Second, it's not clear that, on Timpe's characterization of the state of the damned, they really are free, even according to his account of freedom. In responding to one objection regarding the implausibility of thinking that anyone would eternally choose to reject God, Timpe discusses the "bondage of sin" that those in the fallen state are under, and quotes Raymond VanArragon (2011): "it may be possible for [a person] to freely make some choice . . . which has the consequence of rendering her forever unable to freely accept God. . . . Such a situation may be similar to that of a drug user who crosses the threshold into uncontrollable addiction" (80). But while someone could, through her own free choices, come to such a state of uncontrollable addiction, we think it's implausible that in that state the agent would still be free, contrary to what Timpe maintains (70). Indeed, the idea that she is in bondage to her addiction suggests the opposite: that she has freely brought herself into a state in which she lacks freedom. This is not to say that an agent must be able to do otherwise at the time of her action to count as acting freely, but only that one who is motivated to take heroin solely by an addiction is not truly the source of her action. The same might be said of an agent whose sin has left her in such a state that it is eternally impossible for her to appreciate divine goodness and desire union with God.

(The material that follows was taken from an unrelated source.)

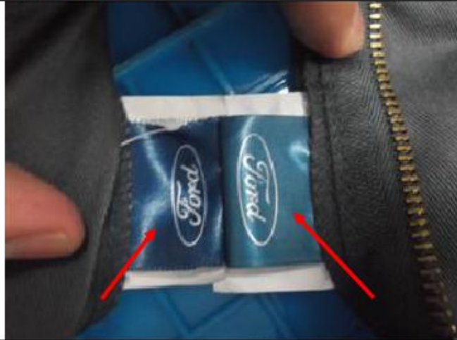
Remark #.: 2

But suppose that Timpe is right, that it is possible for someone to eternally freely choose to remain in hell. A third question is: Why God couldn't simply momentarily take away her freedom, and then give it back to her after converting her? Here's an analogy: suppose someone, of her own free will, becomes addicted to heroin, and refuses to give it up. And suppose for it to be psychologically possible for her to see the good of maintaining her job, marriage, and other relationships and activities, she must give up the drug. Imagine, then, that her husband forcibly takes the drug away from her and commits her to therapy that rids her of her addiction. She then regains the freedom to choose to continue her relationships and activities, or to end them. Couldn't God do something similar with those who would otherwise be eternally damned -- wipe the slate clean, as it were, and give them a second chance at redemption?

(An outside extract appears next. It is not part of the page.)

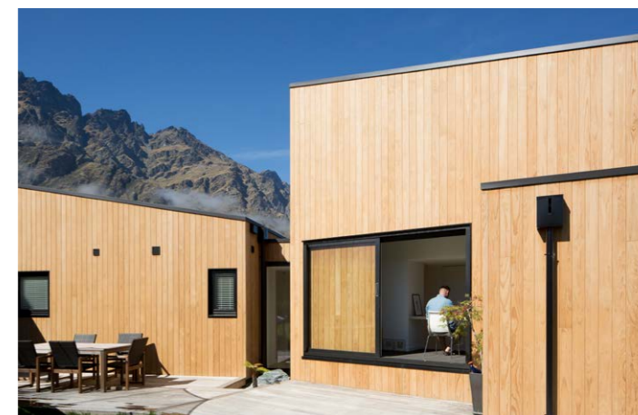
Benchmark thermo-radiata pine cladding. Jack's Point House in New Zealand

Finally, even supposing that God could not take away and then give back people's freedom in this way, and supposing that, without freedom, they would not be able to enter a loving relationship with God, we wonder why God must consign them to hell, rather than permanently take away their freedom and put them in some other place -- a place where there is no sin or suffering. If, as Timpe admits, freedom is not an intrinsic good (84), but valuable mainly insofar as it makes possible the development of moral virtue (108) and the ability to be in union with God, then on the assumption that certain people will not use their freedom for these goods, but only for ill, what sense does it make for God to allow them to retain their freedom and be in such an unfortunate state?

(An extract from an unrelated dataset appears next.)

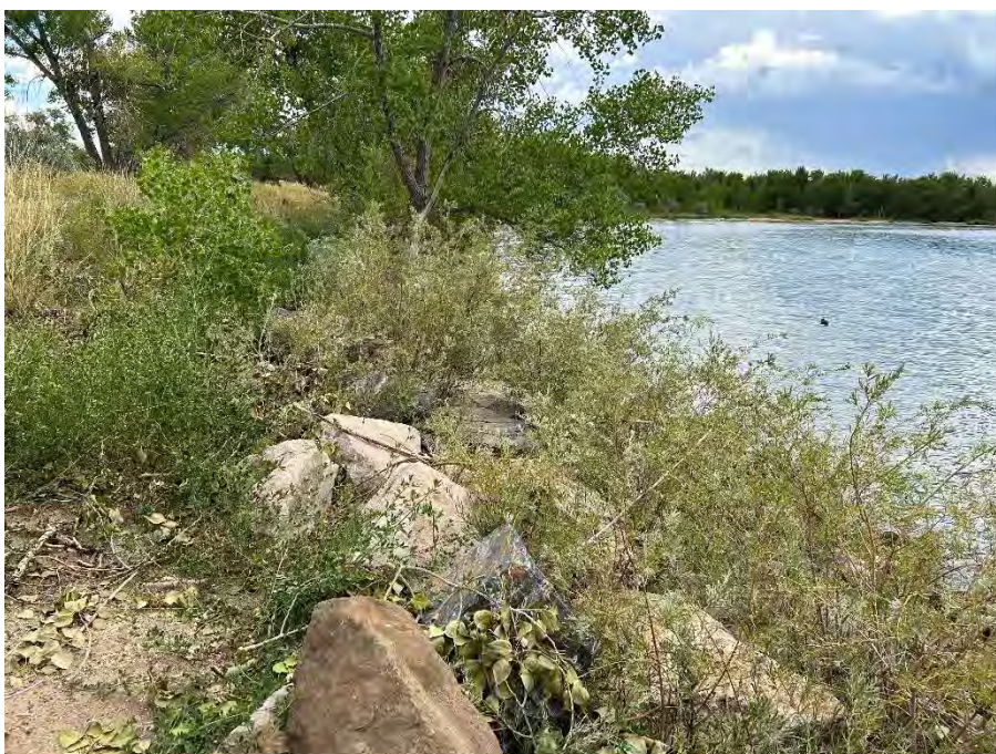
Area south as candidate for future Shore Stabilization CIP project

We look forward to further discussion of the issues that Timpe has so boldly and brilliantly taken. Even if one disagrees with some of the views he defends, this book is highly valuable since it sets out a coherent and attractive position with clarity and skill.

REFERENCES

Kittle, Simon (forthcoming). "Grace and Free Will: Quiescence and Control," Journal of Analytic Theology.

Kvanvig, Jonathan (2011). Destiny and Deliberation. Oxford University Press.

MacDonald, Scott (1998). "Primal Sin," in Gareth Matthews, ed. The Augustinian Tradition. University of California Press.

Pereboom, Derk (2001). Living without Free Will. Cambridge University Press.

Rogers, Katherin (2008). Anselm on Freedom. Oxford University Press.

Timpe, Kevin (2008). Free Will: Sourcehood and its Alternatives. Continuum.

VanArragon, Raymond (2011). "Is it Possible to Freely Reject God Forever?" in Joel Buenting (ed), The Problem of Hell. Ashgate, pp. 29-43.